The world’s forests currently absorb around 16 gigatons of CO2 each year. But about half of that is lost to deforestation, fires and other disturbances.

Several Gulf countries are planting mangroves to pull CO2 out of the air. These coastal trees are up to five times more efficient at sequestering CO2 than land-based forests.

The world’s soils and oceans are already massive carbon stores.

That leaves carbon capture to do the rest, ADNOC announced in early September a plan to build one of the Middle East’s largest carbon capture projects.
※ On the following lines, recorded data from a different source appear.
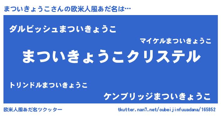| 女子向けラノベタイトル風あだ名 | 『まついきょうこの婚約者』 |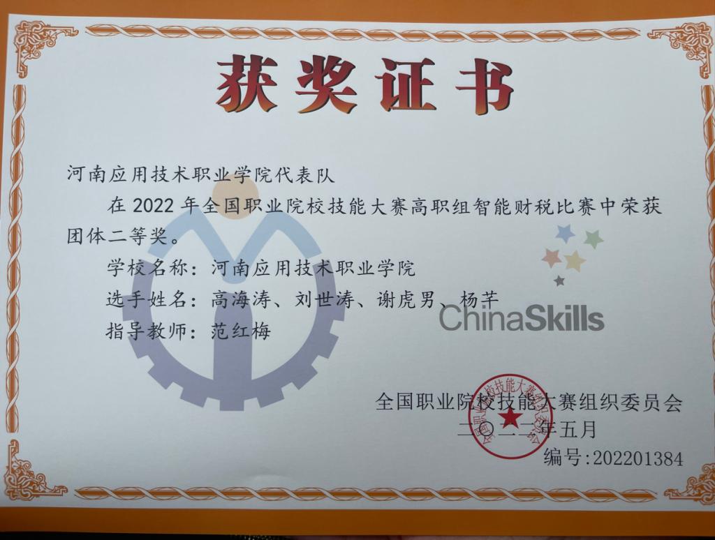 2022年8月22至23日,全国职业院校技能大赛(高职组)智能财税赛项在广东水利电力职业技术学院举行。本次竞赛共有来自全国57个参赛队的228名参赛选手参加,beat365官网beat365英国官网网站学子杨芊、高海涛、刘世涛、谢虎男四位同学在指导教师范红梅的精心指导下,不畏苦累、奋勇拼搏,最终斩获二等奖,实现了beat365官网财会类专业国家级技能大赛成绩新突破。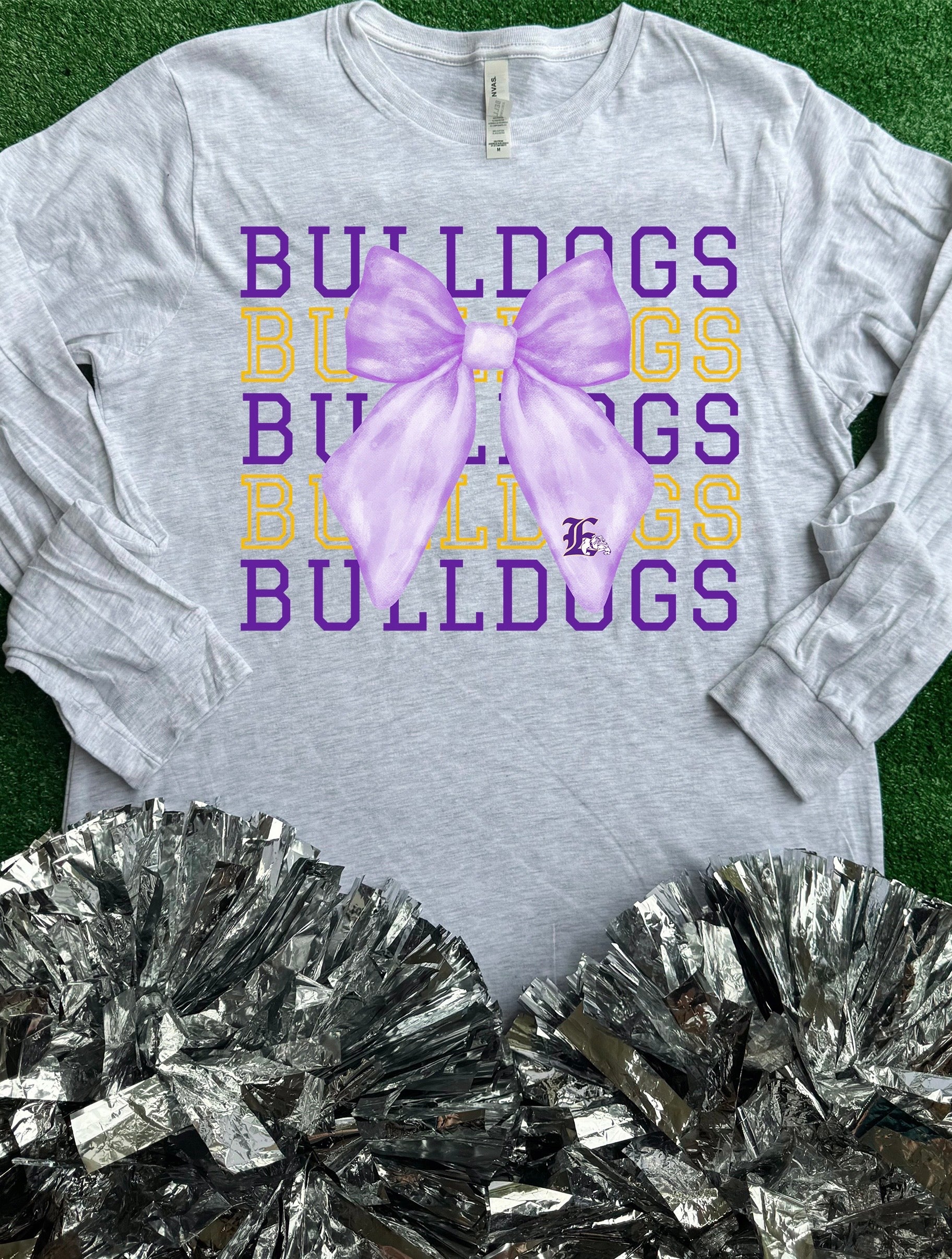 "Bulldogs” on an Ash Grey long sleeve Bella Canvas Tee.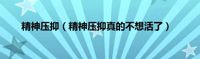 大家好,小问来为大家解答以上问题。精神压抑,精神压抑真的不想活了这个很多人还不知道,现在让我们一起来看看吧!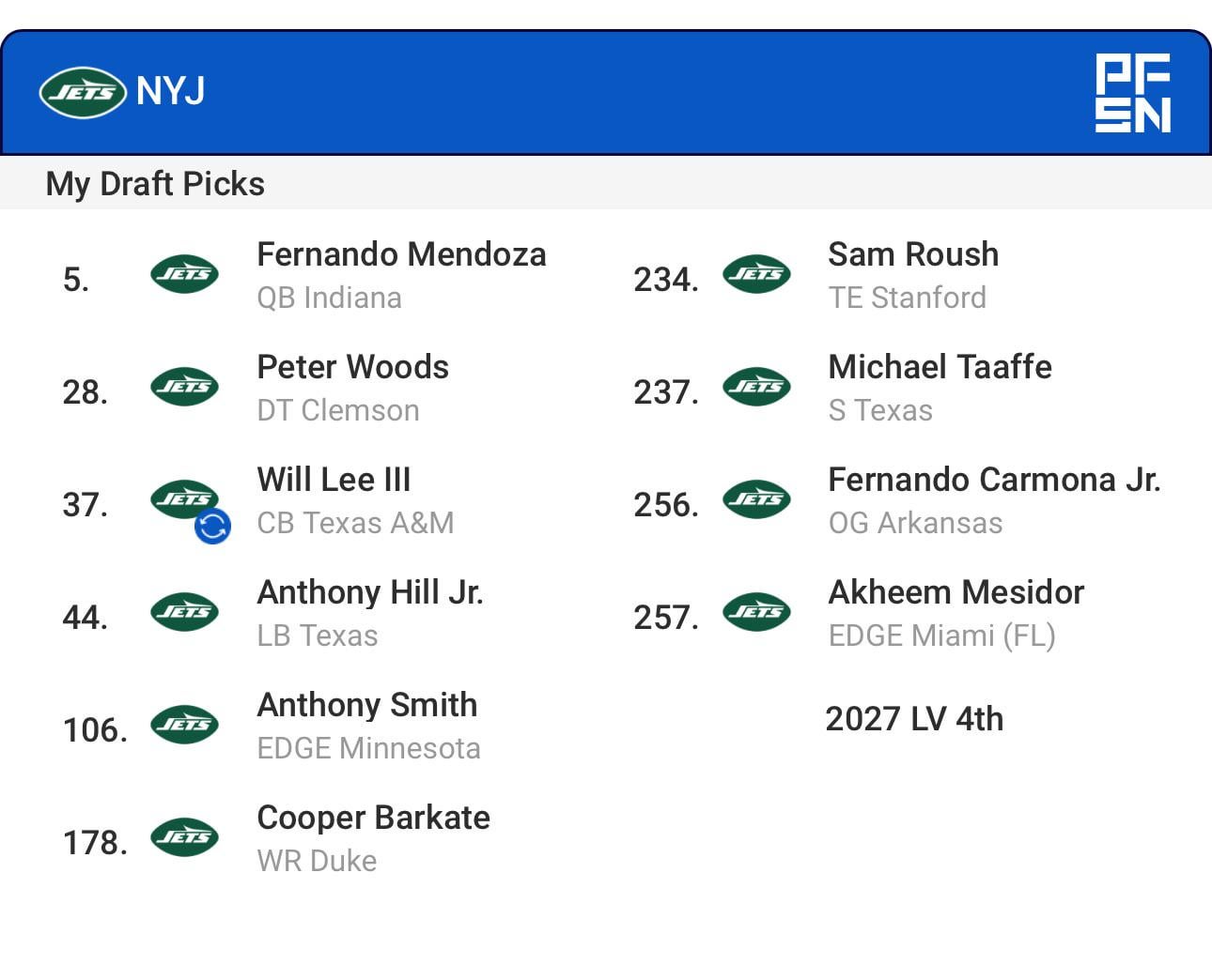 3. While it’s early, I see no scenario in which Mendoza is there at five. Somebody will definitely trade up to get him with whoever is picking ahead of the Jets.

Habshan will capture and store 1.5 million tons of carbon dioxide (CO2) each year. This will bring ADNOC’s carbon capture capacity to 2.3 million tons per year.

Read: ADNOC intends to capture1.5 mn tons per year of carbon dioxide

Gulf countries are focusing on managing planet-warming gases rather than getting rid of fossil fuels.

ADNOC said in January that it will launch a pilot project in Fujairah in partnership with 44.01, an Omani start-up, to capture CO2, dissolve it into seawater and then inject it into rock formations underground where it will mineralize.

The UAE has pledged to reach net zero by 2050.

Captured CO2 can also be recycled into new products, mainly plastics, carbonated drinks, synthetic fuels, animal feed, and building materials.

The GCC region had a total of 13 Carbon Capture, Utilisation and Storage (CCUS) projects planned or operational as of March 2023 according to the International Energy Agency.

Saudi Aramco has been capturing and injecting CO2 into the Uthmaniyah oil reservoir since 2015.

The total annual capture capacity is estimated at 20 million tons of CO2. That is about 1.8 percent of GCC’s annual collective emissions of CO2 emissions, estimated at 1.1 billion tons in 2021.

Since 1990, it is estimated that GCC countries have released about 30 billion tons of CO2 into the Earth’s atmosphere. This accounts for nearly 1.7 percent of global historic emissions.

The region is also exploring a technological equivalent known as direct air capture (DAC).

According to the IEA database, the Gulf’s only DAC project is set to be launched by 44.01 in Oman in 2024. Project Hajar will be powered by green energy to capture CO2 and mineralize it. ADNOC and US energy company Occidental Petroleum are assessing DAC opportunities in the UAE, and Saudi Arabia is working on designing its first DAC plant.